The subgroup is denoted likewise $(K,*)$. We denote $K$ being a subgroup of $G$ by writing $K\leq G$.

In addition the notion of a subgroup of a semigroup can be defined in the following manner. Let $(S,*)$ be a semigroup and $H$ be a subset of $S$. Then $H$ is a subgroup of $S$ if $H$ is a subsemigroup of $S$ and $H$ is a group.

Properties:

• The set $\{e\}$ whose only element is the identity is a subgroup of any group. It is called the trivial subgroup.

• Every group is a subgroup of itself.

• The null set $\{\}$ is never a subgroup (since the definition of group states that the set must be non-empty).

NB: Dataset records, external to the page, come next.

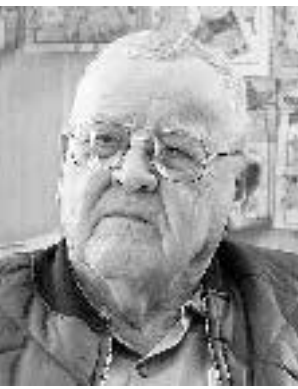
OLD DAN & I CHAPTER 40: STILL AT ZAMBOANGA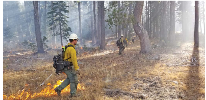
Crew working to implement a prescribed fire at The Nature Conservancy's Independence Lake Preserve following ecological thinning.

There could also be important indirect benefits of ecological forestry to people other than safety. Lower severity fires (including prescribed fires and managed wildfires) can have lower emissions per fire event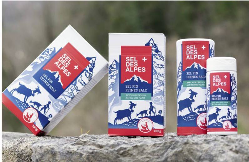
‘Sel des Alpes’ (Salt of the Alps) – provenance is everything in the world of salt.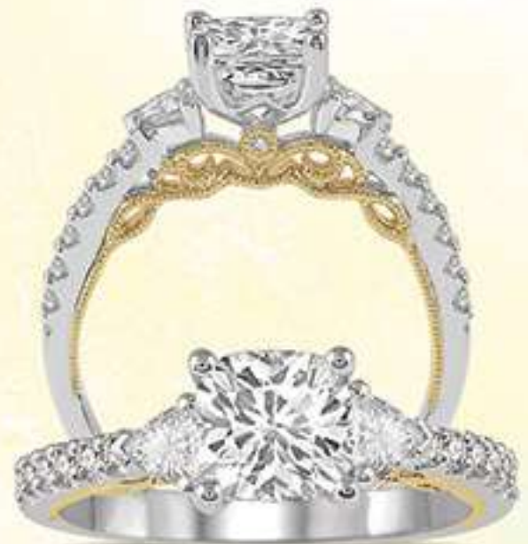
22E 213G3SM .45 DM 14K Center stone size - 7/8 to 1 1/4 ct. $2,750

Center stone sold separately Matching band available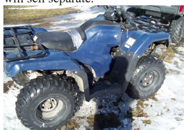
2016 Honda 420 Rancher ATV 2014 Polaris Ranger 4X4 UTV automatic, Power steering,1519 w/ROPS. Mod 570 efi, tilt bed, mi, runs and drives gr8! fuel injection, dual clutch technology, 4WD/2WD, good rubber. Winch is available and will sell separately.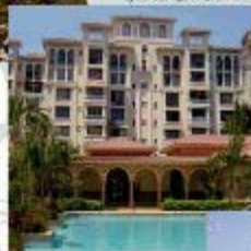
Mahindra Gardens, Mumbai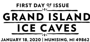
Black and White Pictorial

USPS Stamp Fulfillment Services May 18, 2020 8300 NE Underground Drive, Suite 300 Kansas City, MO 64144-9900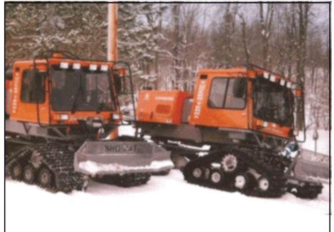
AREA 4 - CLARE Left: 2009 Tucker 1000, Purchased 2009/2010 Right: 2001 Tucker 2000, Purchased 2004/2005 (Groomed by SLCSA)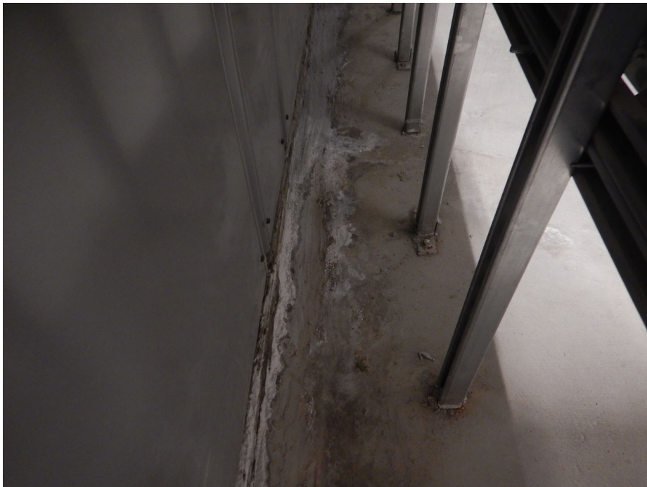
Photo 4: Efflorescence on side of concrete platform in middle of electrical room.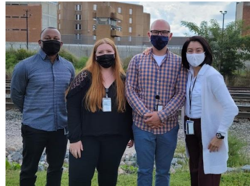
2021-2022 Intern Class

Central Prison is a male prison that offers outpatient psychological and psychiatric services within five distinct populations (Death Row, Restrictive Housing, Pre-Trial Detainees, Assessment/Diagnostic Center, and Regular Population). Attached to the prison is the Central Prison Healthcare Complex (CPHC). The CPHC is the main hub for the department to address both the acute mental health and intensive medical needs of the entire male correctional population of North Carolina.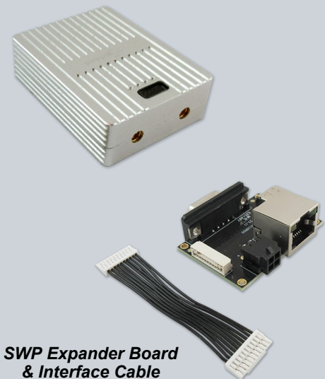
SWP Expander Board & Interface Cable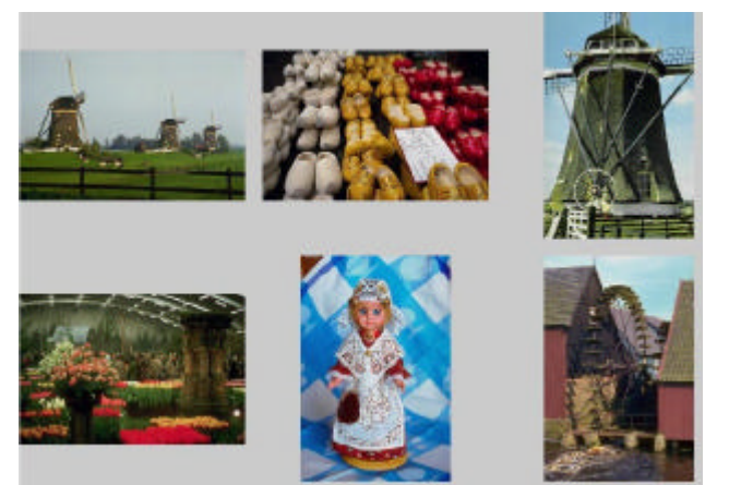
Figure 1. A picture group used in this study. One of these has been previously shown to the subject.

capacity. As we consider our third category, learned behaviors of which the user is unaware[8,9], we find another tradeoff. The subtler effects take longer to learn, and more complex protocols are required to detect their presence. In fact, we concluded that "priming" effects, for example learned skills such as very rapid perception of phrases or graphical icons, exhibit so much individual variation and are so sensitive to user fatigue or mood, that we could not create robust certificates with them at present.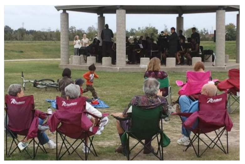
Westbury residents enjoying the music and beautiful weather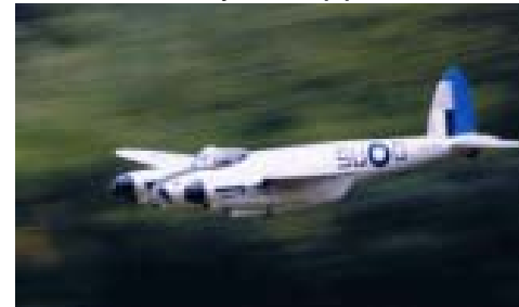
Graeme Swalwell's Mosquito

Just to whet your appetite, here are a few: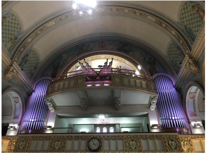
Saints-Ange church, Lachine

On day one, my shoulders were puffed up with eagerness trying to listen and absorb every line of music and all the lessons. I made a point of attending all the workshops or master classes and all the concerts I could possibly manage. I am well aware that it is my very weakness. I just cannot relax and take things easy. Let me describe a day as an example. It started with an early morning church service, and when it was over I searched for the next venue

There is a very useful theorem that allows proving a given subset is a subgroup.

Theorem:
If $K$ is a nonempty subset of the group $G$. Then $K$ is a subgroup of $G$ if and only if $s,t\in K$ implies that $st^{-1}\in K$.

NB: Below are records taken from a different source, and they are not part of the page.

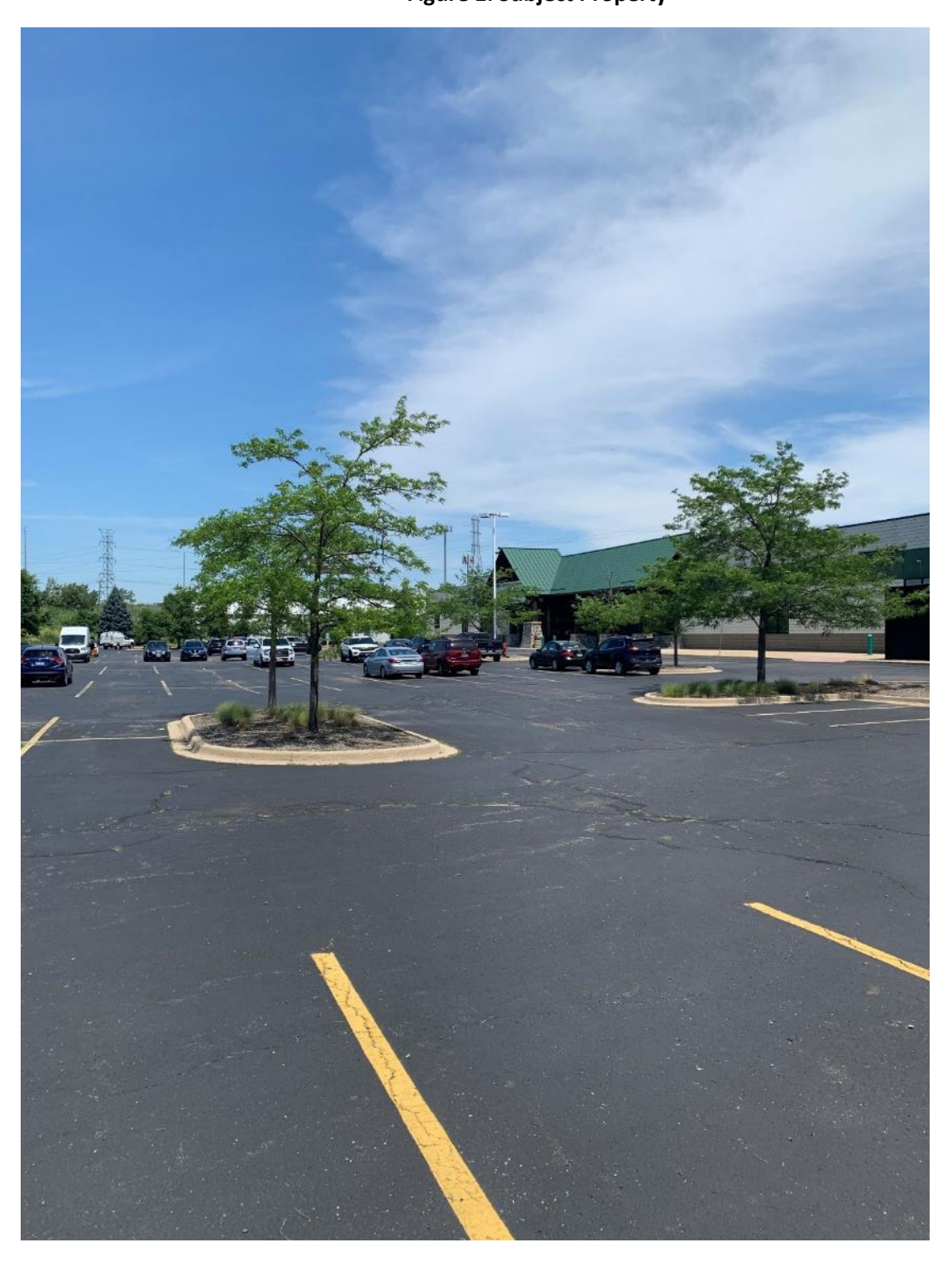
Figure 1: Subject Property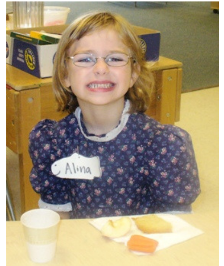
Cookies and fruit for snack time.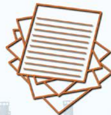
Administrative & support service activities

Proof: First we need to show if $K$ is a subgroup of $G$ then $st^{-1}\in K$. Since $s,t\in K$ then $st^{-1}\in K$, because $K$ is a group by itself.
Now, suppose that if for any $s,t\in K\subseteq G$ we have $st^{-1}\in K$. We want to show that $K$ is a subgroup, which we will accomplish by proving it holds the group axioms.

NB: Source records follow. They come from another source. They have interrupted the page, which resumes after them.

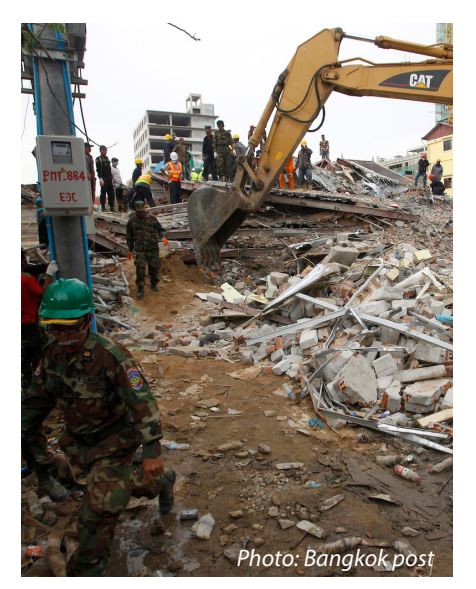
A building collapsed in Sihanoukville

However, the practicality of the 2019 Construction Law is somewhat questionable due to the growing development of construction in Cambodia. Are there enough resources available to cope with the significant volume of new buildings while at the same time catching up the backlog of literally every single building in the country? The implementing of this new Law will probably be challenging, perhaps done gradually by the authorities.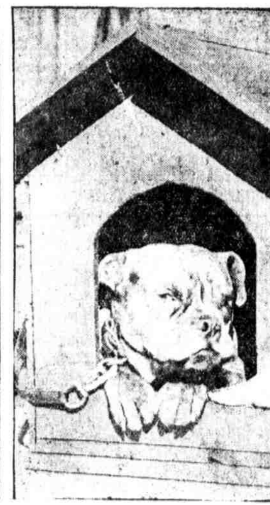
NOT AT A DOG SHOW. Just a little anti-burglary equipment that has been added by a Philadelphian who lives at 22d and Spruce.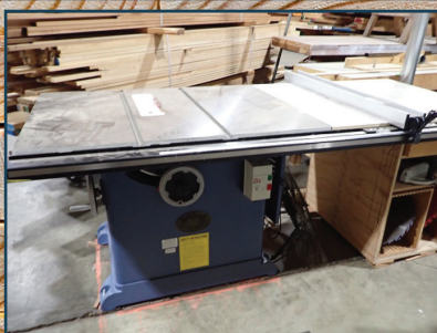
2018 OLIVER M-4050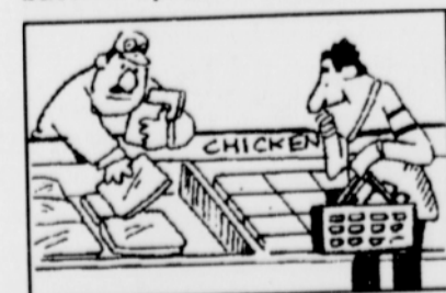
Recent studies show that fat calories in the final product are the same whether chicken skin is removed before or after cooking. That's good news because skinless chicken tends to dry out during cooking.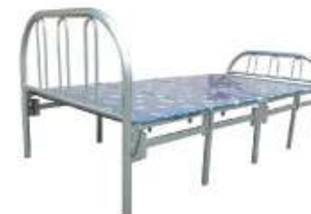
Model: SB15 (folding type 03) Size: 1900*900*720/750/500 Weight: 22kgs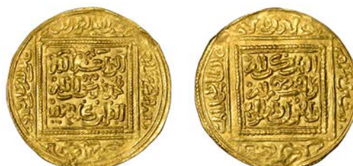
1512 temp. Abu Yahya Abu Bakr (642-656h), Dinar, anonymous type, no mint or date, 4.67g/12h (Hazard 690; A 520). Nearly extremely fine, rim nick at 10 o'clock £400-£500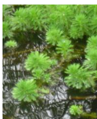
Fig. 1 M. aquaticum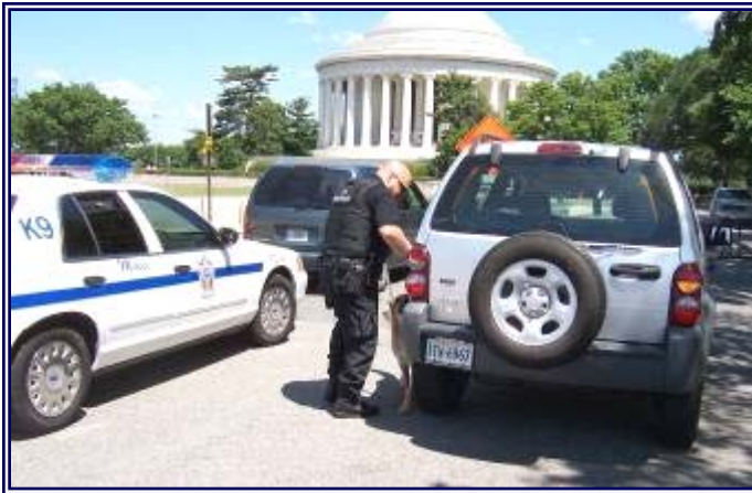
The stark reality of increased security measures...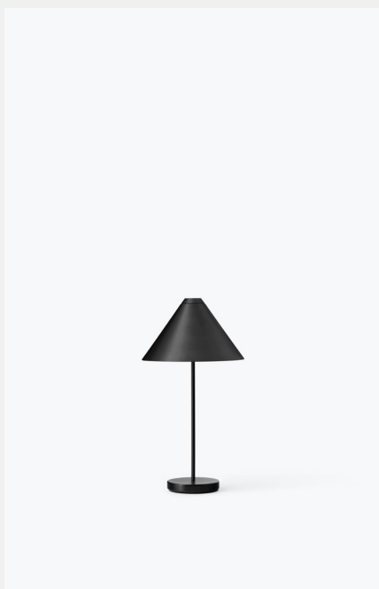
Variant Steel Black Item No 21511 EAN No 5712826215111

Since $tt^{-1}\in K$ by hypothesis, we conclude that the identity element is in $K$: $e\in K$. (Existence of identity)

Now that we know $e\in K$, for all $t$ in $K$ we have that $et^{-1}=t^{-1}\in K$ so the inverses of elements in $K$ are also in $K$. (Existence of inverses).

Let $s,t\in K$. Then we know that $t^{-1}\in K$ by last step. Applying hypothesis shows that

 $s(t^{-1})^{-1}=st\in K$

so $K$ is closed under the operation. $QED$

Example:

• Consider the group $(\mathbb{Z},+)$. Show that$(2\mathbb{Z},+)$ is a subgroup.

The subgroup is closed under addition since the sum of even integers is even.

The identity $0$ of $\mathbb{Z}$ is also on $2\mathbb{Z}$ since $2$ divides $0$. For every $k\in 2\mathbb{Z}$ there is an $-k\in 2\mathbb{Z}$ which is the inverse under addition and satisfies $-k+k=0=k+(-k)$. Therefore $(2\mathbb{Z},+)$ is a subgroup of $(\mathbb{Z},+)$.

Another way to show $(2\mathbb{Z},+)$ is a subgroup is by using the proposition stated above. If $s,t\in 2\mathbb{Z}$ then $s,t$ are even numbers and $s-t\in 2\mathbb{Z}$ since the difference of even numbers is always an even number.